Insight
Completion is not capability: the case against course-counting
Almost every AI upskilling update I get handed leads with the same number. Courses assigned. Courses completed. Certificates issued, trending neatly up and to the right. It's tidy. It's reportable. And in my experience it tells you almost nothing about whether a single person can actually do the work.
Completion proves attendance. Capability is something else entirely, and the gap between the two is where a lot of transformation budgets quietly disappear.
The gap between watching and doing
Think about what a completion record actually certifies. Someone opened the material, clicked through it, and answered enough questions to pass. That's it. It says nothing about whether they can sit in front of a real problem, point an agent at it, judge whether the output is any good and own the result.

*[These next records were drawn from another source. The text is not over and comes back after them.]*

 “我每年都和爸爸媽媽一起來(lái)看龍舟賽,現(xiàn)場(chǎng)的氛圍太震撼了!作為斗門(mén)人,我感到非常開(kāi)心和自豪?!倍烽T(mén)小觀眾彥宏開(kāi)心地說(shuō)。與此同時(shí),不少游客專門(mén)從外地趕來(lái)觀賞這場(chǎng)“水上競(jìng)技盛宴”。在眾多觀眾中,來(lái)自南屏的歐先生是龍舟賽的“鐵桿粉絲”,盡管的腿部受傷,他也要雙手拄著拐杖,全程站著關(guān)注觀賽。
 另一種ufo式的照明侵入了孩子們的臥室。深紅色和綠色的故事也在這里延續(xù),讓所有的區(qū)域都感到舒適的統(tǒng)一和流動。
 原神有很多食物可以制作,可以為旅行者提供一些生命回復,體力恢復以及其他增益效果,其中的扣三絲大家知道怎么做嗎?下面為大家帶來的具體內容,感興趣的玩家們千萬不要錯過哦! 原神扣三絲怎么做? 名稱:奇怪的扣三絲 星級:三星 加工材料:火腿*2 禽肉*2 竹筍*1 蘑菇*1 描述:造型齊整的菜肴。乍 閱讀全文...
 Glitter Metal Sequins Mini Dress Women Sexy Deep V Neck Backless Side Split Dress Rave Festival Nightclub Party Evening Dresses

And here's the part that genuinely worries me: course-counting looks like progress. The dashboard goes green. Leadership relaxes. Meanwhile the capability that was supposed to be built isn't there, and nobody finds out until the work lands and falls over.
The structural problems run deeper too. AI changes monthly, so a course captures a moment that has usually passed by the time it's rolled out. Generic content trains everyone on the same material regardless of where their real gaps sit, so effort pours into ground people already cover while the actual weaknesses go untouched. Plenty of motion. Not much readiness.
None of this is exactly anyone's fault. Course-counting survives because it's easy to measure, and easy-to-measure beats meaningful-to-measure in most reporting cycles. A completion is a clean tick in a box. Capability is messier to capture, which is precisely why so many tools quietly avoid the question and report on attendance instead.
Measure what people can do, not what they sat through
So what's the alternative? Treat readiness as a practice, and measure it on evidence rather than attendance.
That changes the model end to end. Development starts from each person's measured gaps, not a one-size course catalogue. The work is practical - you do the thing, you don't watch a video about the thing. And every activity produces verified evidence that moves a real readiness score, so improvement is something you can point to rather than something you assume.
This is exactly what the AI Gym is built to do: turn readiness gaps into hands-on activities, and turn that practice into proof. The Agent Boss Score is where it all adds up - a measure of capability backed by what someone has actually demonstrated, not the certificates they've collected along the way.
The difference matters most at the moment you need it. A certificate tells you someone attended. An evidence-based score tells you whether they're ready. When you're betting real work on the answer, only one of those is worth anything.
Stop counting completions. Start measuring capability - and watch where the evidence actually points.